Tantau wziął formularz meldunkowy do rąk, przeczytał go wolno i dokładnie i zapamiętał go słowo w słowo. Z miejsca zorientował się, że za jednym zamachem zbliżył się do celu. Wszystko się zgadzało: Nazwisko Michel Meiners, data urodzenia, miejsce urodzenia, nawet pismo wyglądało na takiego Meinersa, jakiego sobie Tantau wyobrażał.

- Może mnie pan zaanonsować u portiera - zapytał Tantau uprzejmie - i poprosić go, żeby mi udzielił kilku informacji?

- Aha! - zawołał Brahmvogel z wyraźnym uczuciem ulgi. - A więc to tak! Zapytuje pan o określonego człowieka, by otrzymać dostęp do całego hotelu. Krótko mówiąc: szuka pan pretekstu. To także niezły sposób. Oczywiście pomogę panu. Może pan iść tam z całkowitym spokojem: z portiera będzie się lało jak z wodospadu.

 

Ów portier miał tyle lat co hotel i jego wnętrze. Nie miał w sobie nic z wodospadu, przeciwnie: był powolny i pełen ojcowskiej godności. Tantau zademonstrował jeden ze swych największych przymiotów: cierpliwość. Przerzucał, zdawałoby się, bez określonego celu przedłożone mu dokumenty.
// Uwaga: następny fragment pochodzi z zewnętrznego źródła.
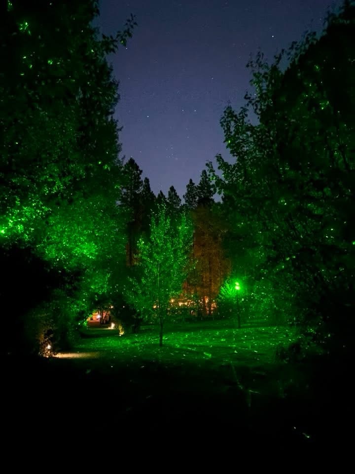 Then we walked up to the “fireflies”. Well make believe fireflies anyway. The previous owner had set up little lights in the trees surrounding this open field, and is an “I Do” place for weddings ;’-). Difficult to see, but maybe if you embiggen the photo you will see the little lights.

Gawędził jednocześnie o tym i owym, o tym lub owym gościu, na którego nazwisko natrafił. Tylko o niejakim Meinersie nie było mowy ani przez chwilę.
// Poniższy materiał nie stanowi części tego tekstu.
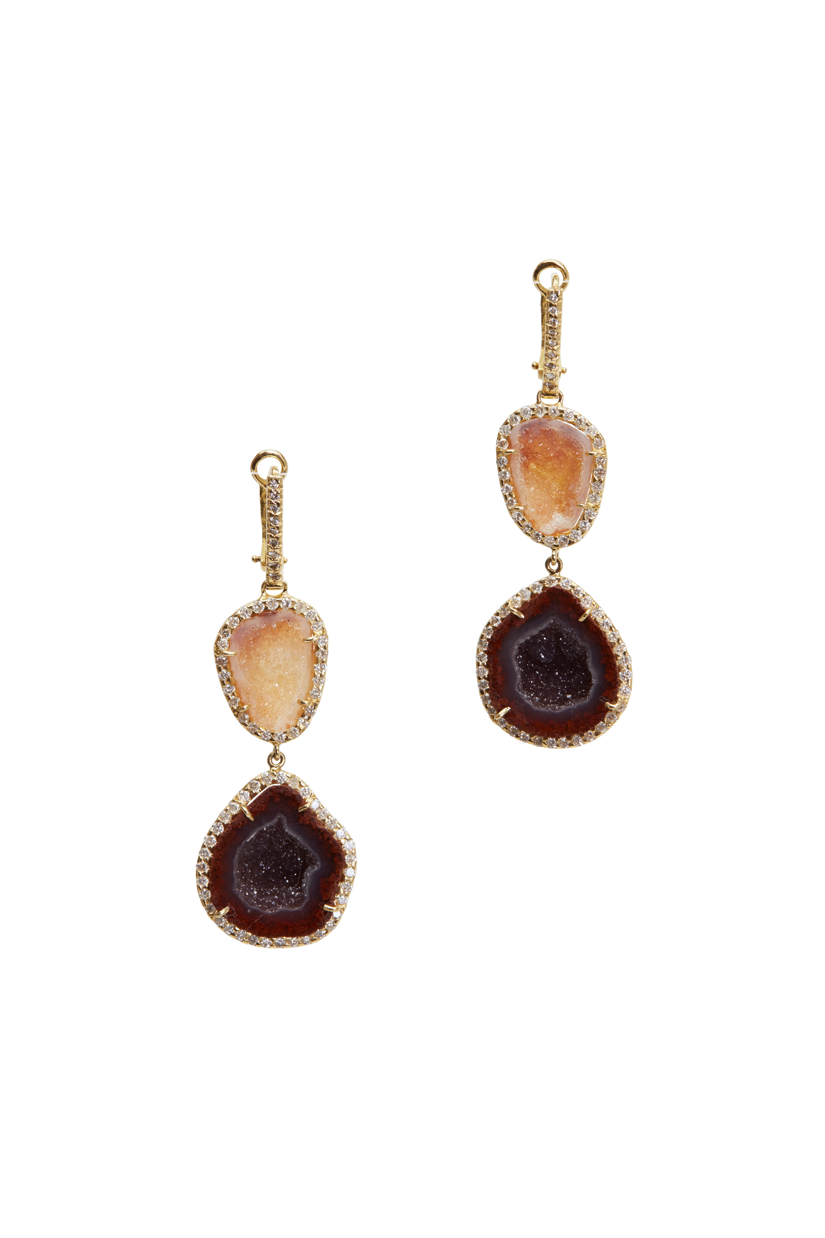Yellow Gold Double Geode Diamond Earrings

Tantau znał z komisariatu policji wszystkie ważne szczegóły - z wyjątkiem numeru pokoju. Ale na wykazie portiera widniała obok nazwiska Meinersa cyfra 21; żeby to stwierdzić, wystarczyło jedno szybkie spojrzenie. Następne spojrzenie padło na tablicę z kluczami. Tantau zmrużył przy tym nieznacznie oczy - klucza od pokoju 21 nie było na tablicy.

- Właściwie wedle powszechnie obowiązującego zwyczaju - rzekł Tantau, przerzucając dalsze karty meldunkowe - gość oddaje klucz, jeśli wychodzi z hotelu, prawda?

- Taki jest zwyczaj - odparł portier. - Tak się powinno robić ze względu na możliwość kontroli, czystość i porządek.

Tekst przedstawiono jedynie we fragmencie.